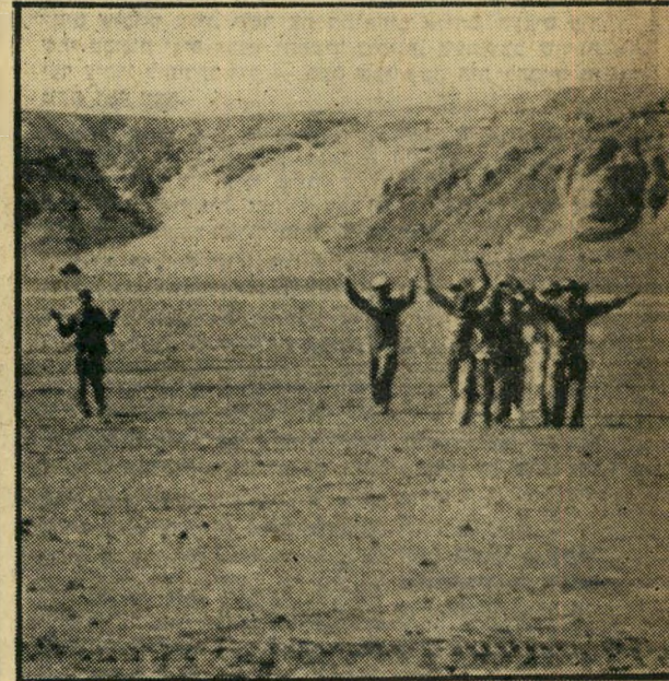
השבויים הראשונים. עוד לפני פתיחת הקרב הניקרי, הכניעו מטוסי חיל האוויר עמדת מקיב מצרי, שחולשה על הכביש לשארם אל-שייך. גיפ עלה על הגבעה ואסף את חיילי העמדה הנבוכים.

תם, מתחבקים ומתנשקים. המקלען, לידי, מנשק את המקלע שלו.
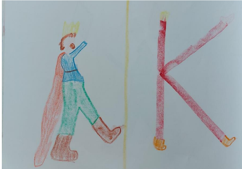
Slika 5. Učenikov crtež kralja Krunoslava i pisanje slova K

- spremanje stvari u torbu, učiteljica započinje uz pjesmu i pridružuju joj se učenici:
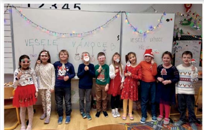
Vánoční den v 1. třídě
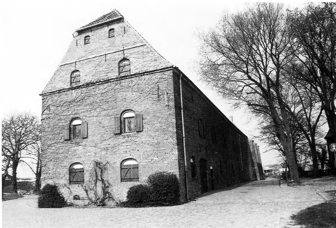
Den 56 m lange og 11 m brede magasinbygning på Korsør fæstning - opført i begyndelsen af 1600-tallet - blev i 1700-tallet brugt til opmagasinerung af korn til offentligt forbrug. En indberetning fra 1743 oplyser, at huset kunne rumme 600-700 tdr. korn og "Krudt og Kugler neden under" (Danske kancelli. D 102a). Der lå magasinbygninger i mange danske købstæder - dog fortrinsvis i byer med amtstuer. Kornet kom fortrinsvis ind gennem kornskatter fra bønderne i amtet, og det meste af kornet blev anvendt af militæret. Ved akut kornmangel i den pågældende landsdel kunne der dog åbnes for et magasin, således at den lokale befolkning for et beskedent beløb kunne modtage en afmålt ration.
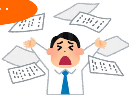
業務改善策の検討
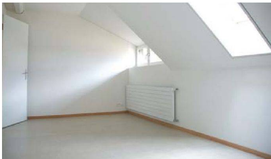
Einblick in eine Dachwohnung mit geschliffenem Betonboden.
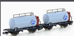
H24802 2ER SET LEICHTBAU- KESSELWAGEN DB/ARAL, EP.III
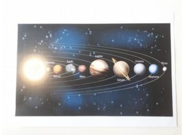
Fotografija 12. Planete
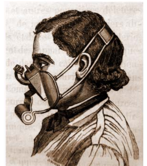
Респиратор, 1874 г.

В последнее время заменителями наушников выступают беруши. Название этого нехитрого предмета состоит из двух слов «берегите уши». Но история у них презабавная. Можно смело утверждать, что изобретателем берушей является Одиссей. Именно он предложил своим спутникам заклеить уши воском, чтобы не слышать губительного пения Сирен. Рецепт берушей сохранялся вплоть до начала XX века практически без изменений: в основе был всё тот же пчелиный воск с добавлением в конструкцию хлопчатобумажной ткани, пропитанной вазелином. В 1962 году супруги Рэй и Сесилия Беннер разработали первые в мире силиконовые беруши. В 1972 году Росс Гарднер создал беруши из пены. Затем на смену пене пришли поливинилхлорид и полиуретан.
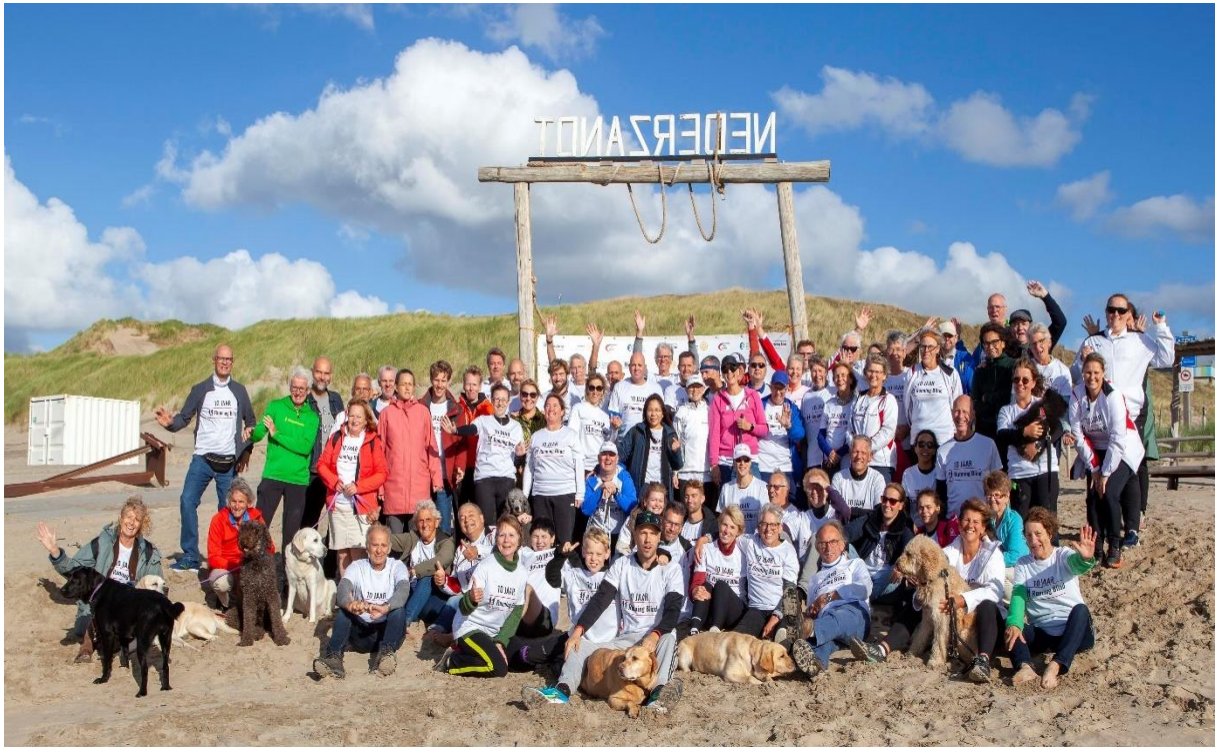
Foto toelichting: 10-jarig jubileumfeest Regiogroep Leiden. Hardlopen verbindt.

Verbinden: lopers met een visuele beperking en buddy's binnen Nederland met elkaar te verbinden en ook degenen die wel zouden willen hardlopen maar niet weten hoe te beginnen, verbinden met een buddy of regiogroep.
· · ·
- **Exercise instructions**
Exclude every image and return the material above exactly.

- **Output below**
השבויים הראשונים. עוד לפני פתיחת הקרב הניקרי, הכניעו מטוסי חיל האוויר עמדת מקיב מצרי, שחולשה על הכביש לשארם אל-שייך. גיפ עלה על הגבעה ואסף את חיילי העמדה הנבוכים.

תם, מתחבקים ומתנשקים. המקלען, לידי, מנשק את המקלע שלו.
Slika 5. Učenikov crtež kralja Krunoslava i pisanje slova K

- spremanje stvari u torbu, učiteljica započinje uz pjesmu i pridružuju joj se učenici:
Vánoční den v 1. třídě
Den 56 m lange og 11 m brede magasinbygning på Korsør fæstning - opført i begyndelsen af 1600-tallet - blev i 1700-tallet brugt til opmagasinerung af korn til offentligt forbrug. En indberetning fra 1743 oplyser, at huset kunne rumme 600-700 tdr. korn og "Krudt og Kugler neden under" (Danske kancelli. D 102a). Der lå magasinbygninger i mange danske købstæder - dog fortrinsvis i byer med amtstuer. Kornet kom fortrinsvis ind gennem kornskatter fra bønderne i amtet, og det meste af kornet blev anvendt af militæret. Ved akut kornmangel i den pågældende landsdel kunne der dog åbnes for et magasin, således at den lokale befolkning for et beskedent beløb kunne modtage en afmålt ration.
業務改善策の検討
Einblick in eine Dachwohnung mit geschliffenem Betonboden.
H24802 2ER SET LEICHTBAU- KESSELWAGEN DB/ARAL, EP.III
Fotografija 12. Planete
Респиратор, 1874 г.

В последнее время заменителями наушников выступают беруши. Название этого нехитрого предмета состоит из двух слов «берегите уши». Но история у них презабавная. Можно смело утверждать, что изобретателем берушей является Одиссей. Именно он предложил своим спутникам заклеить уши воском, чтобы не слышать губительного пения Сирен. Рецепт берушей сохранялся вплоть до начала XX века практически без изменений: в основе был всё тот же пчелиный воск с добавлением в конструкцию хлопчатобумажной ткани, пропитанной вазелином. В 1962 году супруги Рэй и Сесилия Беннер разработали первые в мире силиконовые беруши. В 1972 году Росс Гарднер создал беруши из пены. Затем на смену пене пришли поливинилхлорид и полиуретан.
Foto toelichting: 10-jarig jubileumfeest Regiogroep Leiden. Hardlopen verbindt.

Verbinden: lopers met een visuele beperking en buddy's binnen Nederland met elkaar te verbinden en ook degenen die wel zouden willen hardlopen maar niet weten hoe te beginnen, verbinden met een buddy of regiogroep.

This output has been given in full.